Regrettably however, this study does not permit any comparison of success rates by method, as no data are reported on which method of cessation (assisted v unassisted) was used by ex-smokers on their last, final (and so successful) quit attempt.
The authors report that those “who successfully quit reported much lower use of cessation assistance compared with smokers who had tried to quit without success” and suggest that this might reflect indication bias, whereby those who find it harder to quit self-select to use assistance, leaving the low hanging fruit of non- or less addicted smokers to fall off the smoking tree using their own determination.
While this will be true for some, there are many former heavy smokers who quit without assistance. This argument also borrows assumptions from the discredited hardening hypothesis [2], which holds, in the face of evidence to the contrary, that as smoking prevalence falls the concentration of hardened, more deeply addicted smokers increases.
If our concern is (as it should be) to better understand the means of quitting that produce the largest net volume of ex-smokers across whole populations, studying the methods these former smokers used when they succeeded is critical. Yet the “inverse impact law of smoking cessation [3] shows that unassisted cessation, which undisputedly delivers more ex-smokers than any other method, is hugely neglected in smoking cessation research [4].
It is almost as if researchers want to turn away from learning more about the most successful route that has always delivered the largest number of successful quits. [5]

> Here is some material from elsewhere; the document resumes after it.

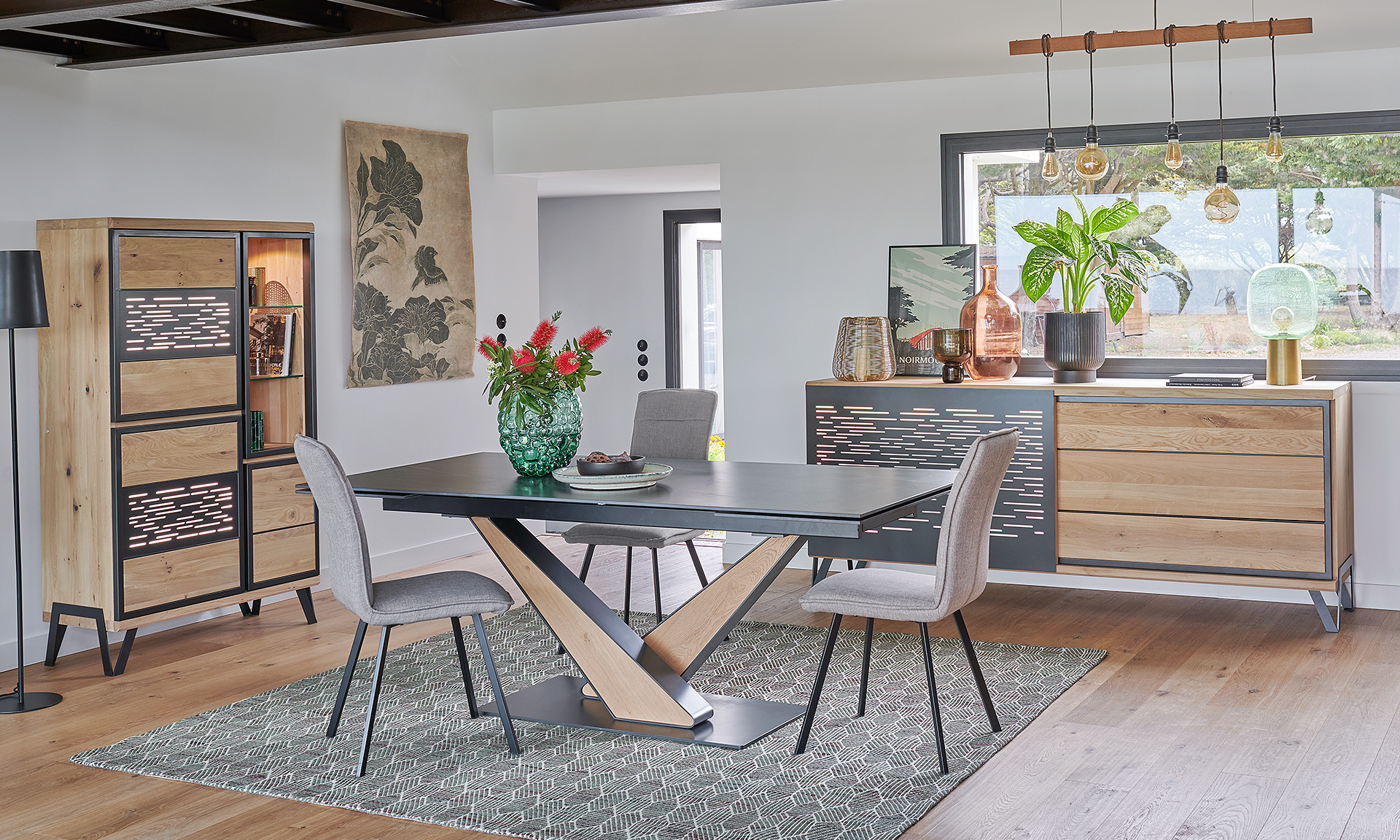 Table plateau et allonges chêne massif. Pieds métal et chêne massif. Coulisses métal.

Rather than seeing the increase in unassisted quitting as something to be highlighted as a positive, motivating celebration of agency that could be megaphoned in campaigns to smokers imbued with pessimistic messages about how hard quitting is going to be, the authors conclude that their findings ”highlight the need for approaches to ensure that smokers get support”.

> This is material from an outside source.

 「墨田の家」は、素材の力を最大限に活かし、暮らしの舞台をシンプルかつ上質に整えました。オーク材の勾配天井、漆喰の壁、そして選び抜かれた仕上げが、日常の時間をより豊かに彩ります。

In 40 years of tobacco control, I cannot ever recall attending a meeting or conference on cessation where those whose living depended on them selling smoking cessation aids or providing professional cessation services did not reach similar conclusions. Yet 40 years on, the same cracked record is being played: we need to convince more smokers that they should not try foolishly to quit alone and that they need our help!
Analysis at the level of the success of quit “attempts” often shows that head-to-head, unassisted cessation attempts are less successful than those using assistance. But many so-called cessation attempts are empty gestures akin to those who attempt to get fit by buying an exercise bike, use it once or twice and then consign it to the corner. West and Sohal’s work on catastrophe theory noted that many who were not planning to quit at time 1, had succeeded at time 2. They suggested that “smokers have varying levels of motivational “tension” to stop and then “triggers” in the environment result in a switch in motivational state. If that switch involves immediate renunciation of cigarettes, this can signal a more complete transformation than if it involves a plan to quit at some future point.” [6]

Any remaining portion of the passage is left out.